TRY IT: Please produce a character-exact copy of the listing that follows, omitting all images.
Segment Start: INFORMATION SUPPLIED
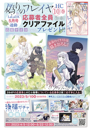 最新HC10巻発売を記念して、「『偽りのフレイヤ』HC10巻&LaLaDX5月号連動応募者全員クリアファイルプレゼント」を実施します。HC10巻帯と『LaLaDX』5月号についている応募券、計2枚で応募可能! クリアファイルの裏面は石原ケイコ先生の描きおろしイラストなります。10巻を記念した特別なクリアファイルをぜひ手に入れてください。
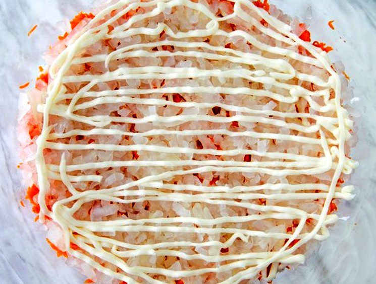 Все розкладено по окремих ємностей, приготовлено підходяще прозоре страви, на яке шарами, промазуючи кожен майонезом, викладати їх в такому порядку: 1 – половина м'ятою риби; 2 – рис, заправлений напередодні; 3 – подрібнений сир; 4 – рубані білки; 5 – залишилася подрібнену рибу; 6 – подрібнену цибулю; 7 – половина пом'ятих жовтків; 8 – вершкове масло, яке промазати рівним шаром майонезу; 9 – посипати тертий через сито залишився жовток.
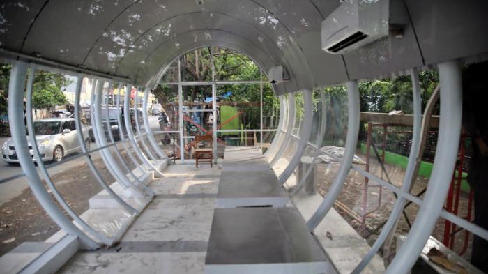 Halte berbentuk tabung ini dilengkapi tempat duduk tang memadai, AC dan pencahayaan.
Segment End: INFORMATION SUPPLIED
EXERCISE OUTPUT:
 最新HC10巻発売を記念して、「『偽りのフレイヤ』HC10巻&LaLaDX5月号連動応募者全員クリアファイルプレゼント」を実施します。HC10巻帯と『LaLaDX』5月号についている応募券、計2枚で応募可能! クリアファイルの裏面は石原ケイコ先生の描きおろしイラストなります。10巻を記念した特別なクリアファイルをぜひ手に入れてください。
 Все розкладено по окремих ємностей, приготовлено підходяще прозоре страви, на яке шарами, промазуючи кожен майонезом, викладати їх в такому порядку: 1 – половина м'ятою риби; 2 – рис, заправлений напередодні; 3 – подрібнений сир; 4 – рубані білки; 5 – залишилася подрібнену рибу; 6 – подрібнену цибулю; 7 – половина пом'ятих жовтків; 8 – вершкове масло, яке промазати рівним шаром майонезу; 9 – посипати тертий через сито залишився жовток.
 Halte berbentuk tabung ini dilengkapi tempat duduk tang memadai, AC dan pencahayaan.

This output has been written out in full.